§ **WORK TO COMPLETE**: Below, some lines carry pictures; leave those pictures out and retype exactly the lines from the one with "Sewing Thread Cone" through the one with "- 교내근로 : 시급단가".

§ **DATA SECTION**:
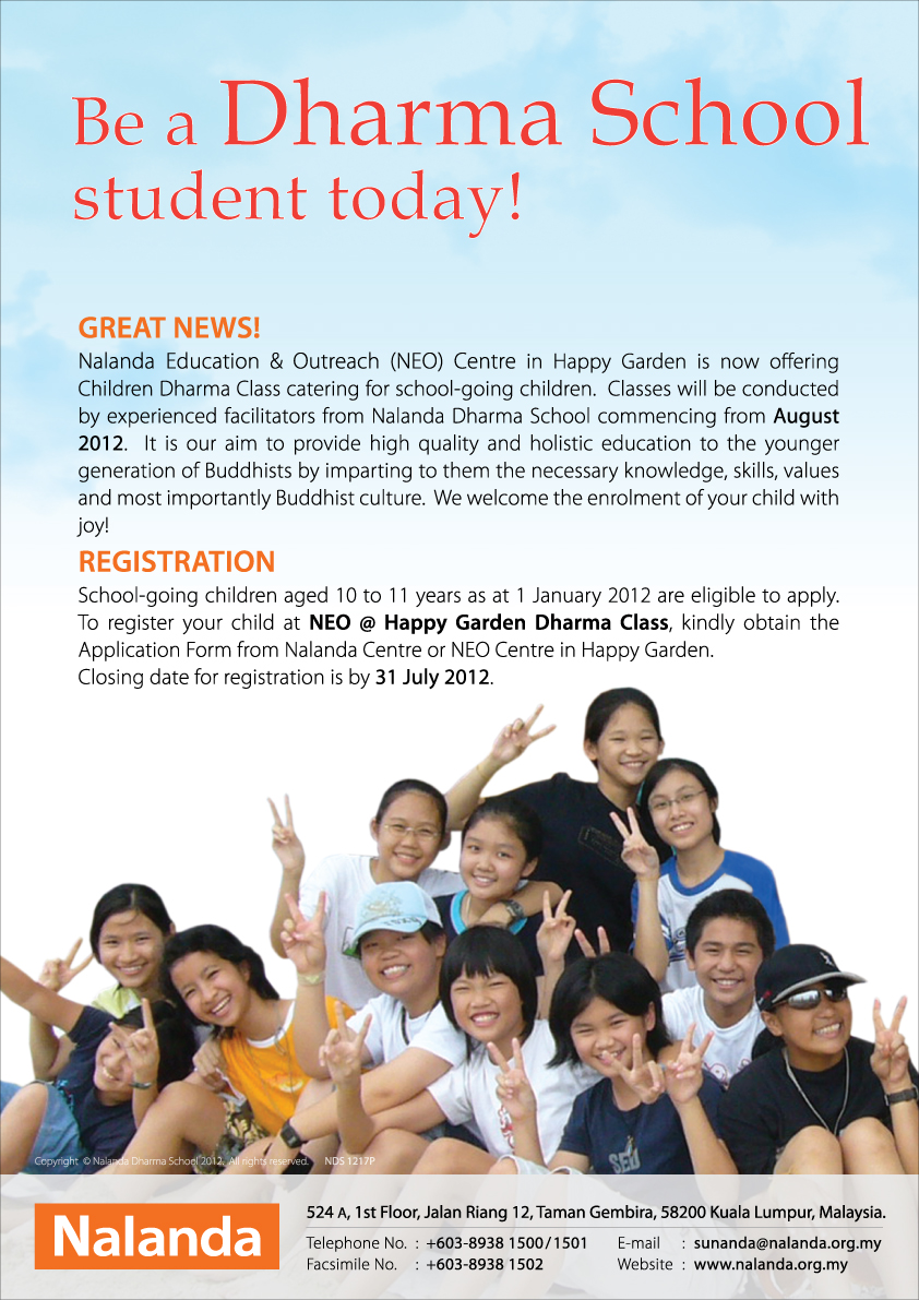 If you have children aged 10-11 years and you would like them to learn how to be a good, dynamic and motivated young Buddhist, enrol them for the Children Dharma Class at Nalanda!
==
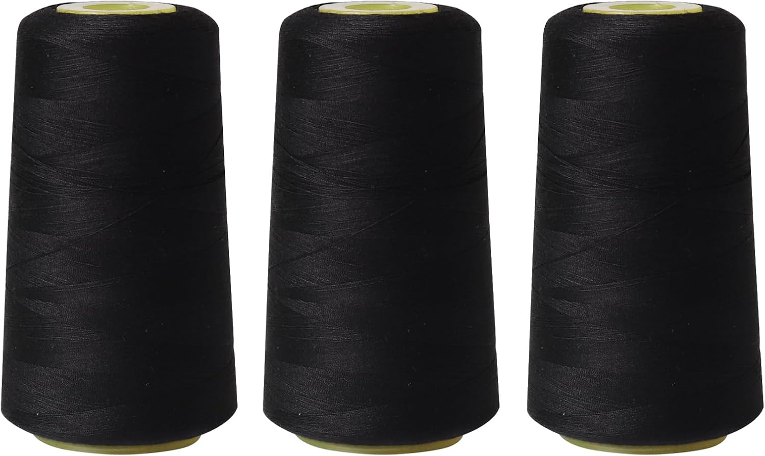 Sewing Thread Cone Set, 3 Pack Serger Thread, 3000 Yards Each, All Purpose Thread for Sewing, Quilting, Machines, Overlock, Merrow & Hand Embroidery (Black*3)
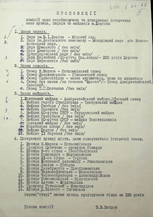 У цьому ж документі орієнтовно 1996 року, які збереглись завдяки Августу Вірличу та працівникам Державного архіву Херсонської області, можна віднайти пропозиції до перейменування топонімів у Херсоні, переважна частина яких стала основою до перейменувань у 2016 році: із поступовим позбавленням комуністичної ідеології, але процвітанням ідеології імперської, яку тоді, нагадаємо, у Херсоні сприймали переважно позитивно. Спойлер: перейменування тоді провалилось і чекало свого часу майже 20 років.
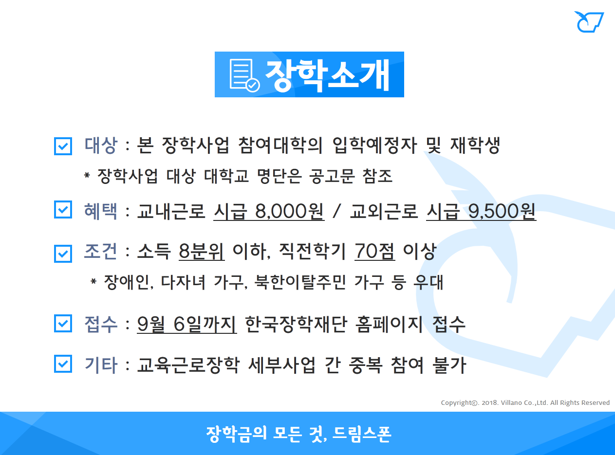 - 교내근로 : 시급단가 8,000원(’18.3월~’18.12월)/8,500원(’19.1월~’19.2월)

§ **EXERCISE ANSWER**:
 Sewing Thread Cone Set, 3 Pack Serger Thread, 3000 Yards Each, All Purpose Thread for Sewing, Quilting, Machines, Overlock, Merrow & Hand Embroidery (Black*3)
 У цьому ж документі орієнтовно 1996 року, які збереглись завдяки Августу Вірличу та працівникам Державного архіву Херсонської області, можна віднайти пропозиції до перейменування топонімів у Херсоні, переважна частина яких стала основою до перейменувань у 2016 році: із поступовим позбавленням комуністичної ідеології, але процвітанням ідеології імперської, яку тоді, нагадаємо, у Херсоні сприймали переважно позитивно. Спойлер: перейменування тоді провалилось і чекало свого часу майже 20 років.
 - 교내근로 : 시급단가 8,000원(’18.3월~’18.12월)/8,500원(’19.1월~’19.2월)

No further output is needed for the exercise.